The only thing I could figure as a strategy for Black is that if White neglects the center on his first move, then Black should play something like (+0.25, +0.25), i.e., establish a Pawn tangent to the center (or just close enough to it), but not centered over it. This will make it impossible for either side to ever occupy the exact center. Now, White can no longer exploit (0,0), and it looks like Black will eventually win.

So, White has to go for the center immediately to win.

Or does he?

So the solution (assuming there is no hidden flaw) gives a strategy by which the first player can force a win. The question you are asking, is whether it is necessary, i.e., if the first player fails to follow this strategy, can the second player force a win? The only possible sort of move that might save the second player is the one you describe, essentially. (It doesn't have to be tangent to the centre, just anywhere that interferes with placing a pawn at the centre.) But does it?

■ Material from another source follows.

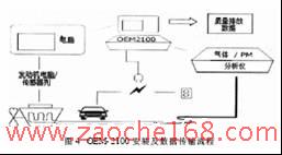 OEM-2100单元由5个主要的子系统构成:电脑、轻型车扫描器、重型车扫描器、微粒物监控器及双重气体分析仪。此外,还有几个可选择的设备,包括全球定位系统(GPS)、预先催化取样器、加热取样管、重型发动机扫描仪和通用传感器列,这些设备根据测试需要,进行选择性的安装。图4所示的是OEM-2100系统安装和数据传输的示意图。
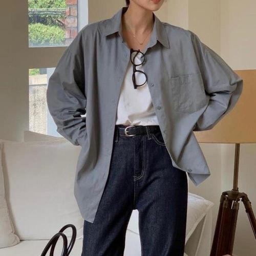 씨유제이 여성 롱 긴팔 블라우스 남친셔츠 오버핏 카라 베이직 셔츠

The answer given looks correct to me (I am always anxiously searching for the hidden flaw, though) - the question you are asking is whether it is the only strategy that forces a win. Is that correct?

No solid question ... I'm just speculating.

A simple case:

If the situation is such that 16 (4 x 4) pawns can fit on a certain board before it’s full, but no more, we have an even number, and Black will inevitably place the last one. If only nine (3 x 3) Pawns can fit, we have an odd number and White will win.

If the 4 x 4 array is a tight one, with the outer Pawns hanging just short of oblivion, then if White grabs the center, he creates a situation where only nine Pawns (3 x 3 array) will fit.

If, instead the 4 x 4 array left a sizeable margin around the edges, then White’s occupy-the-center strategy might force a 5 x 5, 25 Pawn array, but in this case, he still wins. So, establishing a center does seem to create an odd number of positions.

If we accept their argument, it means that, in a finite plane (like our chessboard), there are an odd number of points. Every (x,y), it's (-x,-y) counter point, and (0,0). But we just showed that we can render the number of points even by making the occupation of (0,0) impossible. I guess that, given that the Pawn bases have area greater than zero, we aren't really talking about points at all, but rather PPPs (possible Pawn positions).


Does an infinite plane have an odd number of points -- i.e., all the pairs plus (0, 0)? I'd think that on an infinite plane, the edge conditions don’t exist, so the odd/even business doesn't enter.

Headache!

No solid question ... I'm just speculating.

A simple case:

If the situation is such that 16 (4 x 4) pawns can fit on a certain board before it’s full, but no more, we have an even number, and Black will inevitably place the last one. If only nine (3 x 3) Pawns can fit, we have an odd number and White will win.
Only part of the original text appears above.